» **Task objective**
Copy the lines below as they are; omit the images they contain.

» **Information shown**
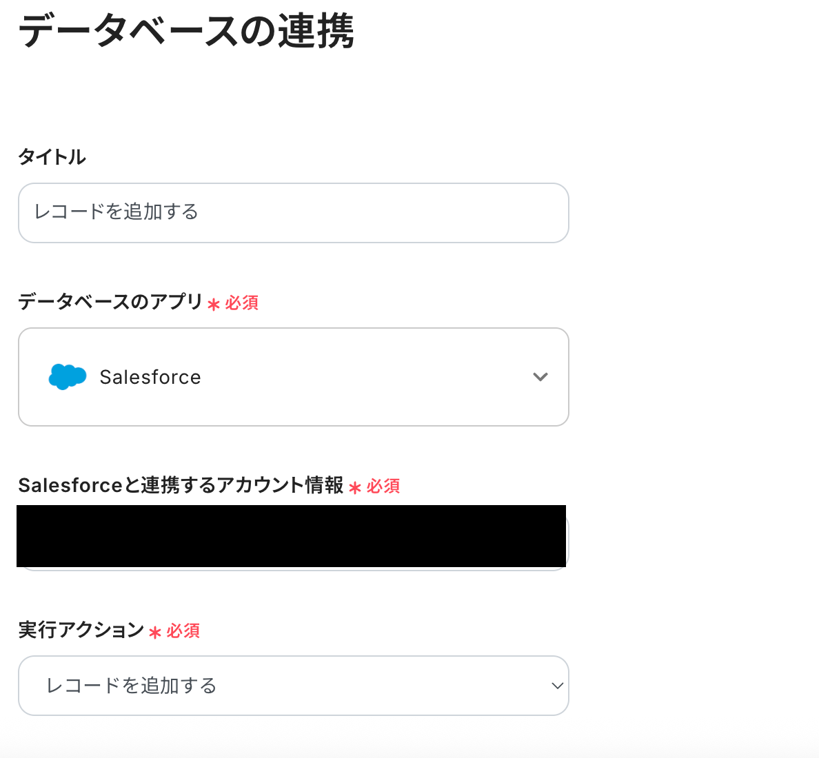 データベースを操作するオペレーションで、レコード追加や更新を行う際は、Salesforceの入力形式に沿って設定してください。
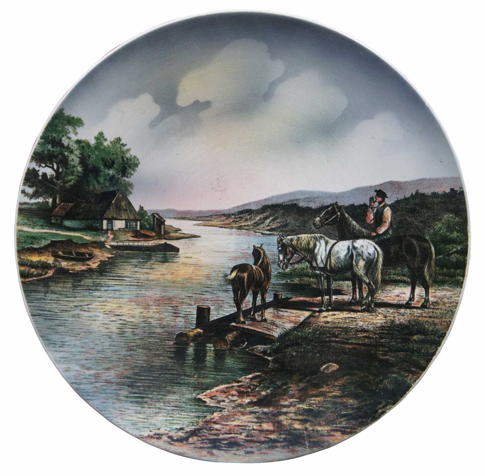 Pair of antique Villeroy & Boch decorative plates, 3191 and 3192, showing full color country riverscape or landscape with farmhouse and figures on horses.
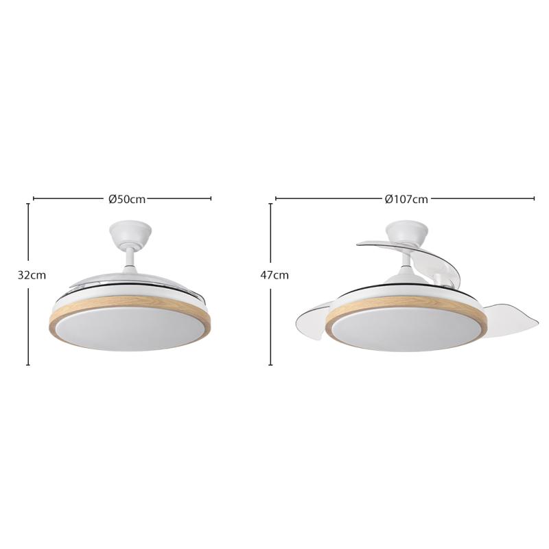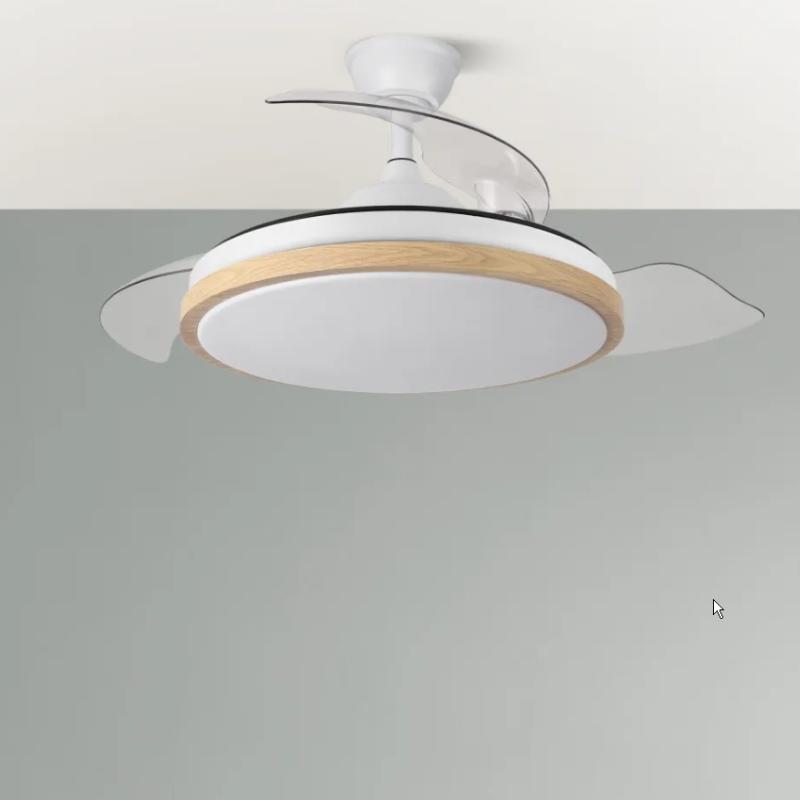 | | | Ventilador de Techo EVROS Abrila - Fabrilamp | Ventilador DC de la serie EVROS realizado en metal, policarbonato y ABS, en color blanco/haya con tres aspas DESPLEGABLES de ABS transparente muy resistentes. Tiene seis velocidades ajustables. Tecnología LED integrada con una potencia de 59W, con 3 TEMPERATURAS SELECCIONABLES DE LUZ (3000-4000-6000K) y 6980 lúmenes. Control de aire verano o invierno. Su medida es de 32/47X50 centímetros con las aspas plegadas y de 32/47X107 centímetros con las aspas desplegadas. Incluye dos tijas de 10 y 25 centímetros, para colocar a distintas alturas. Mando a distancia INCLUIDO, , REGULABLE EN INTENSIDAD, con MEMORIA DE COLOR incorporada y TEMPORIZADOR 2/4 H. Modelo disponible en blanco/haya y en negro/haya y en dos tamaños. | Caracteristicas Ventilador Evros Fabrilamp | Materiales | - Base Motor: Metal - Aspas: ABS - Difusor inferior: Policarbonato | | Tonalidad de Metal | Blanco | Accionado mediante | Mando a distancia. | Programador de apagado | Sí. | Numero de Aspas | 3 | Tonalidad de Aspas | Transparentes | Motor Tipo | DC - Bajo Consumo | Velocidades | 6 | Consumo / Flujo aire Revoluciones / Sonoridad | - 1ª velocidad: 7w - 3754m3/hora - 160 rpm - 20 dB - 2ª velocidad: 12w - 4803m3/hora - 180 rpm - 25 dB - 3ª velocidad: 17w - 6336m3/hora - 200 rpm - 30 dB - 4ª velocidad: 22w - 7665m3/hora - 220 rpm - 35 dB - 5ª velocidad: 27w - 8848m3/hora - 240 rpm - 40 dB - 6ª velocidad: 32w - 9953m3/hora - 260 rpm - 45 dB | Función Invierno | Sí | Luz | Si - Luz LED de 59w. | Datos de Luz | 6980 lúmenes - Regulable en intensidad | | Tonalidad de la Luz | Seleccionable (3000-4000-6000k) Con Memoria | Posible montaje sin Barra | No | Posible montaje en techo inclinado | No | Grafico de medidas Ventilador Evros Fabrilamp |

» **Answer box**
 データベースを操作するオペレーションで、レコード追加や更新を行う際は、Salesforceの入力形式に沿って設定してください。
 Pair of antique Villeroy & Boch decorative plates, 3191 and 3192, showing full color country riverscape or landscape with farmhouse and figures on horses.
 | | | Ventilador de Techo EVROS Abrila - Fabrilamp | Ventilador DC de la serie EVROS realizado en metal, policarbonato y ABS, en color blanco/haya con tres aspas DESPLEGABLES de ABS transparente muy resistentes. Tiene seis velocidades ajustables. Tecnología LED integrada con una potencia de 59W, con 3 TEMPERATURAS SELECCIONABLES DE LUZ (3000-4000-6000K) y 6980 lúmenes. Control de aire verano o invierno. Su medida es de 32/47X50 centímetros con las aspas plegadas y de 32/47X107 centímetros con las aspas desplegadas. Incluye dos tijas de 10 y 25 centímetros, para colocar a distintas alturas. Mando a distancia INCLUIDO, , REGULABLE EN INTENSIDAD, con MEMORIA DE COLOR incorporada y TEMPORIZADOR 2/4 H. Modelo disponible en blanco/haya y en negro/haya y en dos tamaños. | Caracteristicas Ventilador Evros Fabrilamp | Materiales | - Base Motor: Metal - Aspas: ABS - Difusor inferior: Policarbonato | | Tonalidad de Metal | Blanco | Accionado mediante | Mando a distancia. | Programador de apagado | Sí. | Numero de Aspas | 3 | Tonalidad de Aspas | Transparentes | Motor Tipo | DC - Bajo Consumo | Velocidades | 6 | Consumo / Flujo aire Revoluciones / Sonoridad | - 1ª velocidad: 7w - 3754m3/hora - 160 rpm - 20 dB - 2ª velocidad: 12w - 4803m3/hora - 180 rpm - 25 dB - 3ª velocidad: 17w - 6336m3/hora - 200 rpm - 30 dB - 4ª velocidad: 22w - 7665m3/hora - 220 rpm - 35 dB - 5ª velocidad: 27w - 8848m3/hora - 240 rpm - 40 dB - 6ª velocidad: 32w - 9953m3/hora - 260 rpm - 45 dB | Función Invierno | Sí | Luz | Si - Luz LED de 59w. | Datos de Luz | 6980 lúmenes - Regulable en intensidad | | Tonalidad de la Luz | Seleccionable (3000-4000-6000k) Con Memoria | Posible montaje sin Barra | No | Posible montaje en techo inclinado | No | Grafico de medidas Ventilador Evros Fabrilamp |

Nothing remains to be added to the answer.